The Last Witchfinder (Review)

Words, words, words

I wanted to read The Last Witchfinder by James Morrow because I know a lot about witch history. I did my Masters on Witch Literature (about, not by) and I taught a course on witch mythology last summer.

Thus, this book did not teach me a damn thing, except that I don’t like this book.

As it’s about the last witchfinder, it’s set in the 18th Century. Fine and dandy. It’s narrated by a book. Not fine and dandy.

This is a book about how science is powerful, but we’re supposed to believe that books are sentient and have the ability to possess people.

And books as objects aren’t sentient–books as ideas are sentient. So even if there are millions of copies, there is only one book. And our narrator would have you believe that “good” literature is smart literature and that other books are dim.

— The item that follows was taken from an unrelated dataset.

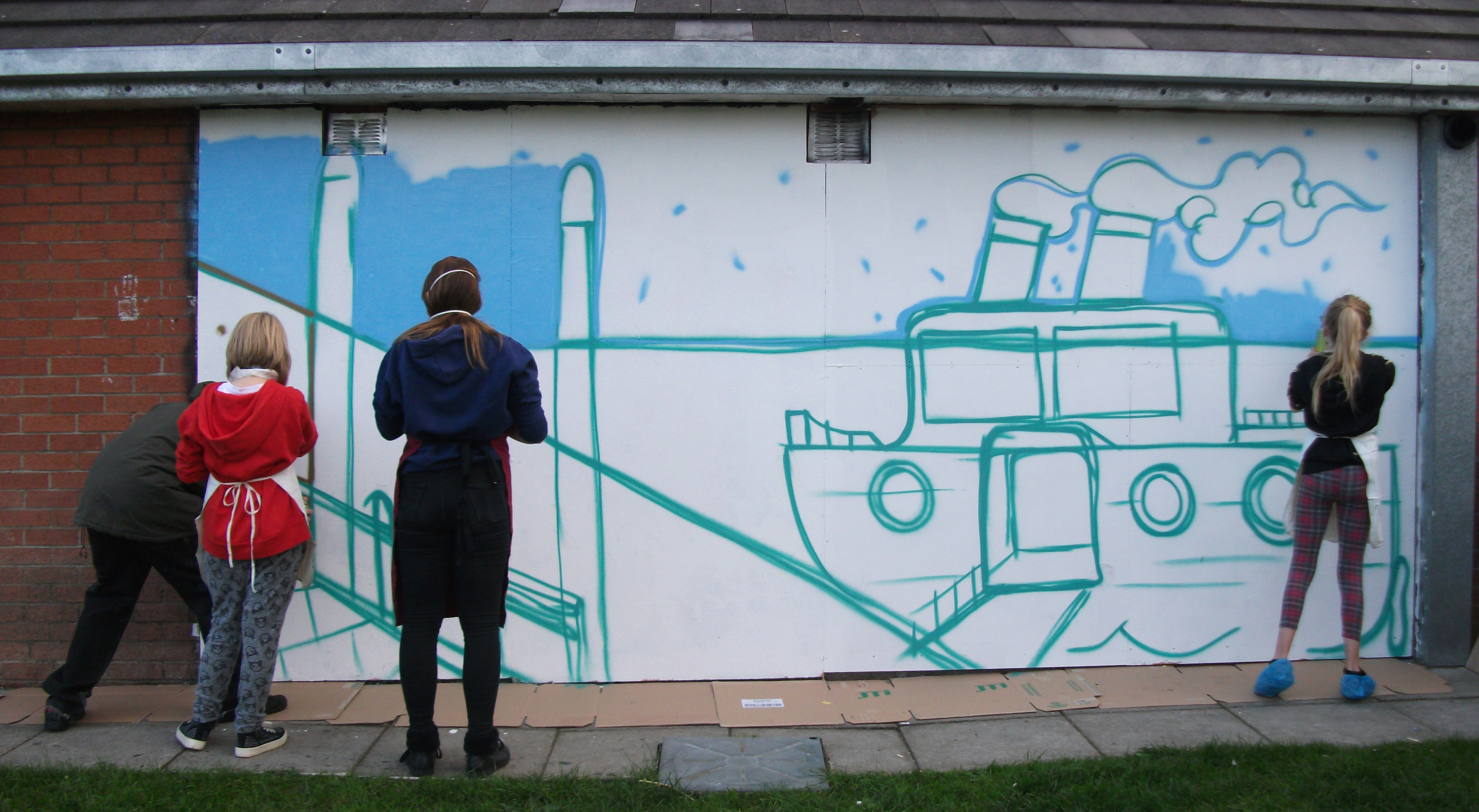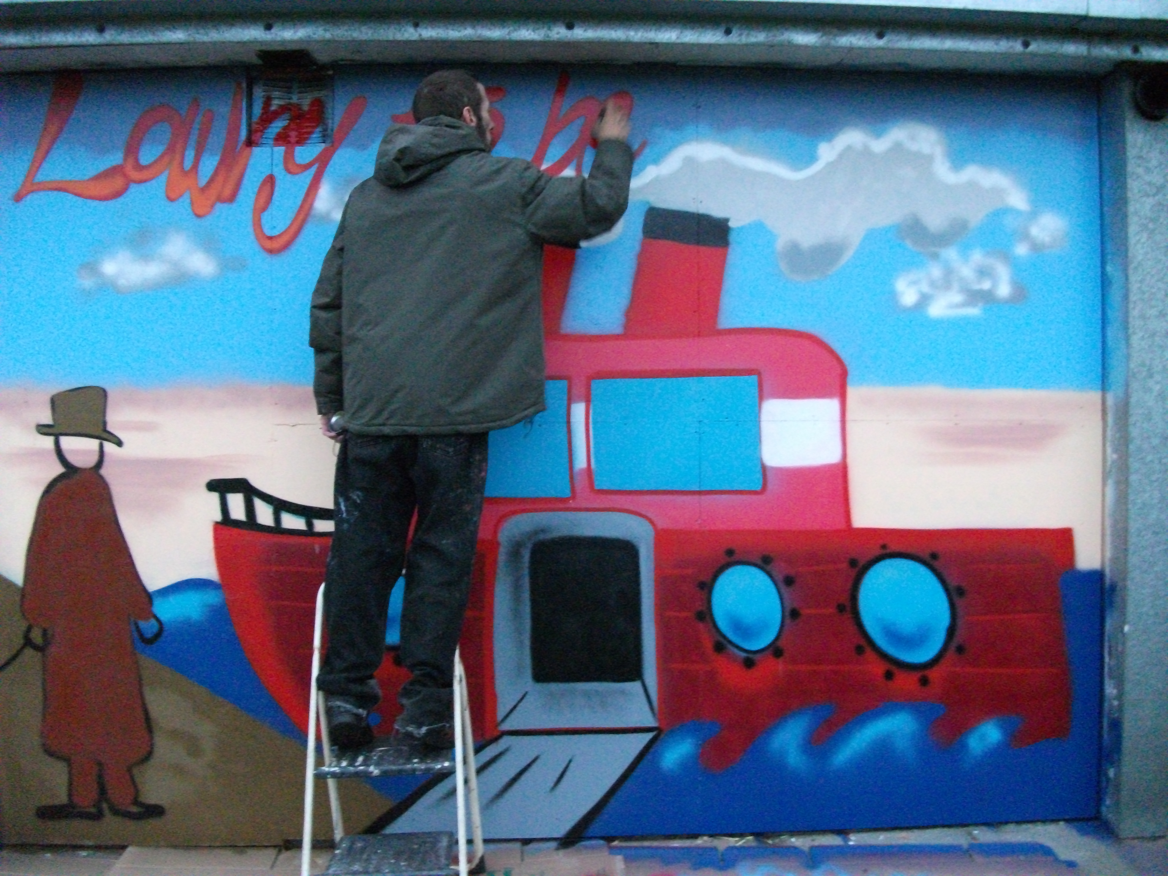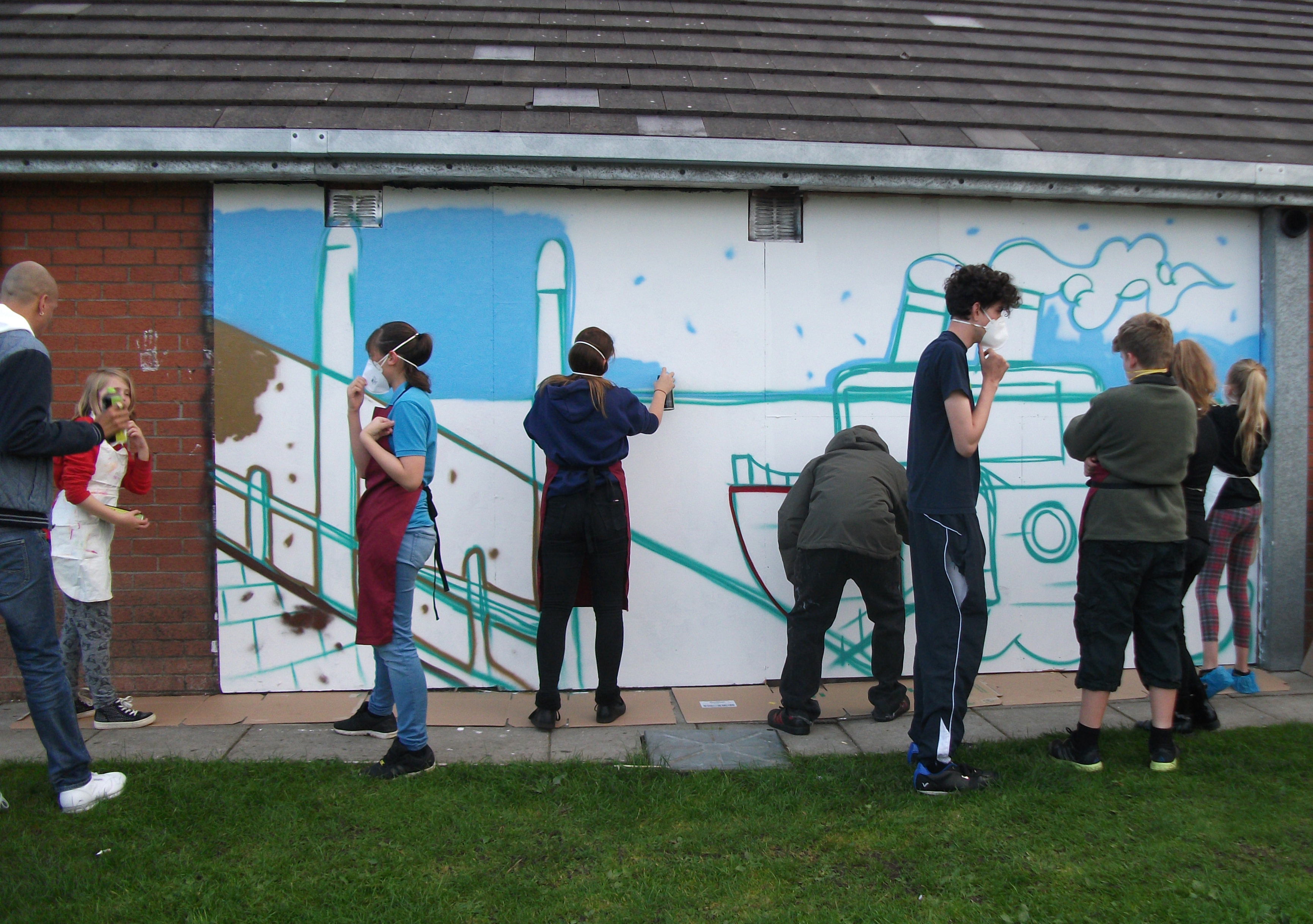 Based on the design done by a member of the Preesall Youth club we worked with a lovely group of young people to create a Lowry themed graffiti painting

The narrator, aside from being a book, is a pretentious asshole. The narrator likes to say how great the heroine is. It does this so it doesn’t have to show us.

Yes–hundreds of pages, but no emotional connection to the characters. And there is a plot, but the arc of the story doesn’t work and thus it’s basically episodic with what should be a climax, but is decidedly not.

Now, maybe I’m not supposed to like the narrator or the plot or any of the characters. Maybe that’s because this is a book about obsession, and might have you see that obsession makes you boring.

But I don’t think it’s that clever, even if it really thinks it is.